Content starts

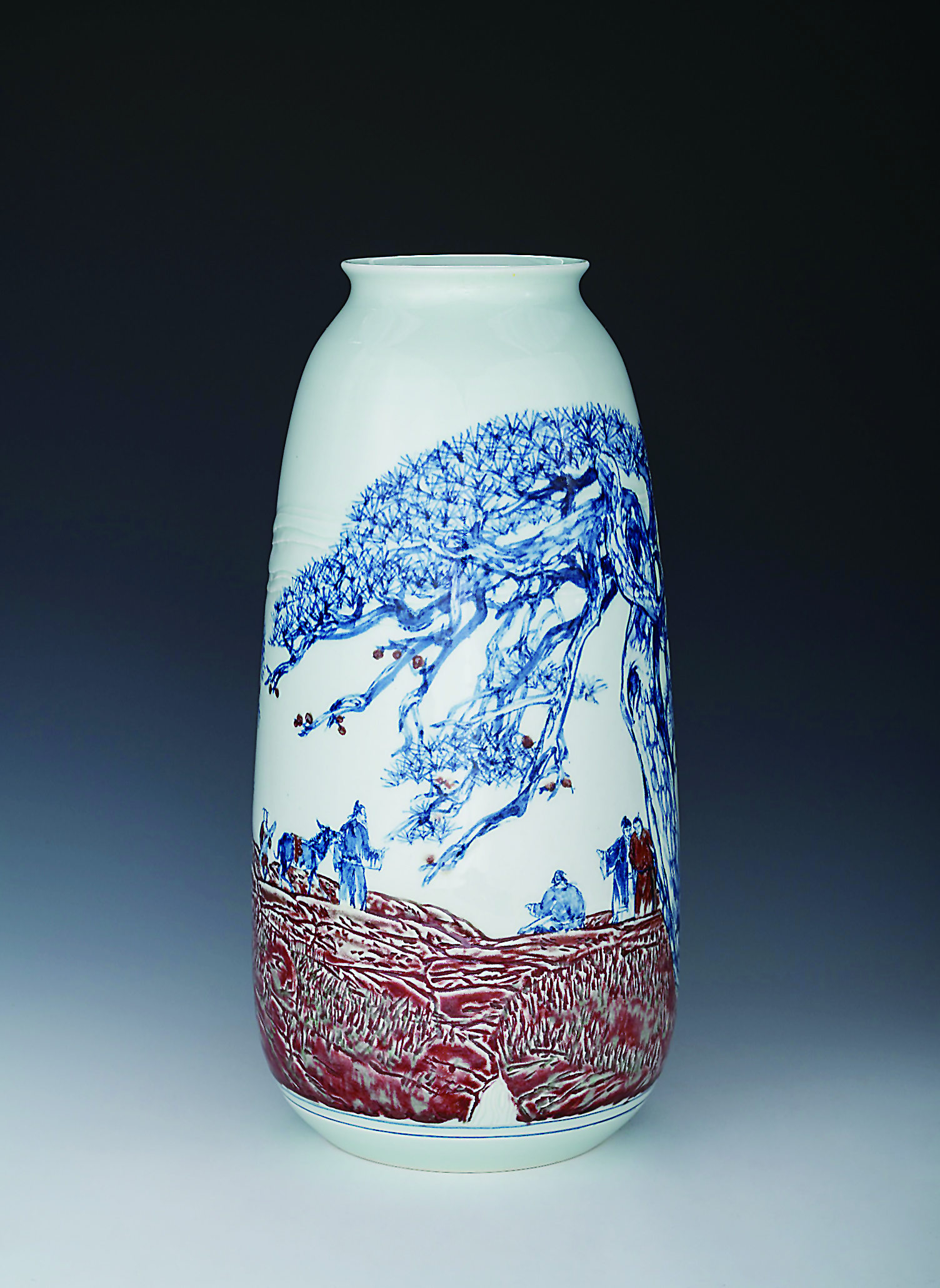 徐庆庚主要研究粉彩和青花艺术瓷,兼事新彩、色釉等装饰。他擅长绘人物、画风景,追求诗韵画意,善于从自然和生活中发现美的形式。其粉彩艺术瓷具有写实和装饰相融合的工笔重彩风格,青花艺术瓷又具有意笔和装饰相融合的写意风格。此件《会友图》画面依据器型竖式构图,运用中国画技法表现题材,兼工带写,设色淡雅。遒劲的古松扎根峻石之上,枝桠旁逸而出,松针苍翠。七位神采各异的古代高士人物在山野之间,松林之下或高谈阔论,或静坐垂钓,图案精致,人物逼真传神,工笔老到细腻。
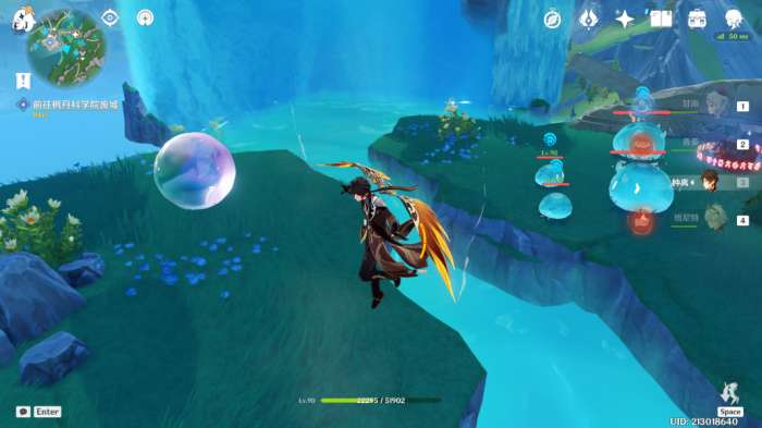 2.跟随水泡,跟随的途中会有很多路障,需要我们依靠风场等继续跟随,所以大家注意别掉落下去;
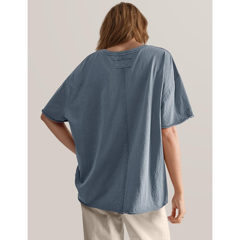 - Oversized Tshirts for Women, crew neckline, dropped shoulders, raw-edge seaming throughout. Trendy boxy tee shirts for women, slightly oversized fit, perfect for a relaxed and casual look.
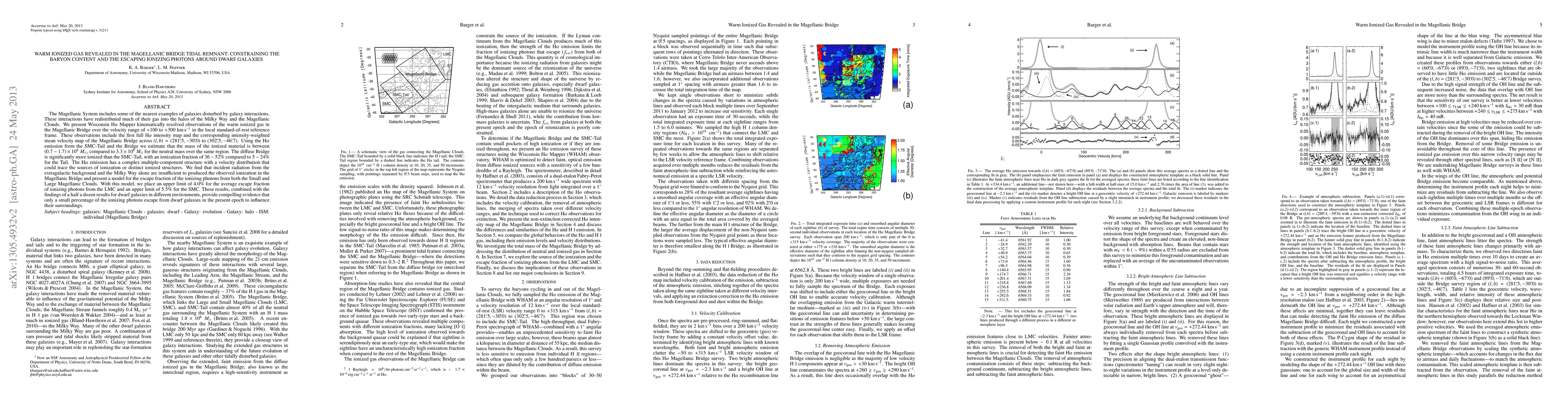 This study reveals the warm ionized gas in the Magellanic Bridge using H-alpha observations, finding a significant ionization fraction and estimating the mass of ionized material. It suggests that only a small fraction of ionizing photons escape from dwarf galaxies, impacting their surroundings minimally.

Content ends

EXERCISE REQUIREMENTS: Exact repetition required: repeat the first line of the listing above, the line containing "2.跟随水泡,跟随的途中会有", and every line between, leaving out pictures.

ANSWER AREA:
 徐庆庚主要研究粉彩和青花艺术瓷,兼事新彩、色釉等装饰。他擅长绘人物、画风景,追求诗韵画意,善于从自然和生活中发现美的形式。其粉彩艺术瓷具有写实和装饰相融合的工笔重彩风格,青花艺术瓷又具有意笔和装饰相融合的写意风格。此件《会友图》画面依据器型竖式构图,运用中国画技法表现题材,兼工带写,设色淡雅。遒劲的古松扎根峻石之上,枝桠旁逸而出,松针苍翠。七位神采各异的古代高士人物在山野之间,松林之下或高谈阔论,或静坐垂钓,图案精致,人物逼真传神,工笔老到细腻。
 2.跟随水泡,跟随的途中会有很多路障,需要我们依靠风场等继续跟随,所以大家注意别掉落下去;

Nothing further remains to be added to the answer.